Use a Binocular and a Riflescope:

I use a 1.5×5 power Leupold scope, when I’m guiding for brown bears. However this year, I’ll be using a 1×6 bx 730mm, which will give me a bigger field of view through my scope. I’ll have this scope mounted and sighted in on my .375 rifle. I don’t recommend taking a scope to hunt brown bears with a larger magnification than 6X. Generally, we won’t be shooting very far. So you don’t need a lot of magnification on big-game dangerous hunts. When we’re scouting for bears, following up on bears that go into the brush or hiking, we always set our riflescope at 1X. If a bear comes running out of the brush, all you need in your scope is crosshairs to take an accurate shot. If you have your scope on a higher power than 1, all you’ll see is a big blob of brown. You won’t be able to shoot as accurately as you need to shoot to take a fast-moving brown bear. Even if a bear is out farther than 100 yards, you still can make the shot with the riflescope on 1X. Brown bears present large targets, so you don’t need a lot of magnification in your riflescope. Many brown bear guides here at Kodiak don’t even put scopes on their rifles. Instead, they prefer open sights. If the bear is out at 150 to 200 yards, you’re much more likely to miss with open sights than you are with a variable scope. Here’s another reason I suggest that my hunters scope their custom rifles. I know for certain that a hunter can shoot far more accurately with a scope than he can with open sights. I want my hunter to make the very best shot he can when we’re in position to take a brown bear.

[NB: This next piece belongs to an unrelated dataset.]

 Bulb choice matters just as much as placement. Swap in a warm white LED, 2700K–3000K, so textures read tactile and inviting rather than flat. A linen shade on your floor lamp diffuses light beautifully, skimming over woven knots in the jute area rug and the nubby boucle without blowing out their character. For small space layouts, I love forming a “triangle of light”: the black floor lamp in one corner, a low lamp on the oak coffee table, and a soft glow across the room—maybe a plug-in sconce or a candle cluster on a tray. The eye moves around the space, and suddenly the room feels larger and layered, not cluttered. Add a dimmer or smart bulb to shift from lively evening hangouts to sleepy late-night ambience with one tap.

Cole Kramer Says to Back Down the Power of Your Riflescope to Take Brown Bears 3Quality binoculars are critical when you’re hunting brown bears. You’ll spend more time glassing and trying to find bears to hunt than you will by stalking the bears. Much brown bear hunting is done from boats. Some of the guides who hunt from boats prefer 8X binoculars, because these binoculars give you a wider field of view. Since the boats are riding the waves, a wider field of view is preferred. Then every time the boat moves, you don’t lose the ability to see the bear in your binoculars. If you’re glassing long distances, some guides prefer 12X optics or even 15X optics. The binoculars I use are the Leica 10×42 Trinovid with the range finder built into the binoculars.

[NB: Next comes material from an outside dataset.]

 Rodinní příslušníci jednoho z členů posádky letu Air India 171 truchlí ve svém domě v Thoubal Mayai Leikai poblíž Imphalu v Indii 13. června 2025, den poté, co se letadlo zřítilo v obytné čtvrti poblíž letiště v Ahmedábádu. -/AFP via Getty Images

Shoot Through the Shoulder:

If I have a hunter who is using a .375 caliber rifle, I tell my hunter to shoot through the shoulder of the bear. Once when that big bullet hits the bear’s shoulder, the bear will be immobilized. If you shoot for the heart and lungs, the bear can travel a long way before he finally realizes that he is dead. But when you break the shoulder, the bear cannot get away very quickly. Too, all those bone fragments will create more damage than just the bullet alone. When that .375 bullet hits the shoulder, I’ve observed that the bear usually starts spinning around in a circle trying to determine what’s just hit him in the shoulder instead of running off. This reason is why I prefer my hunters to shoot for the shoulder of a bear.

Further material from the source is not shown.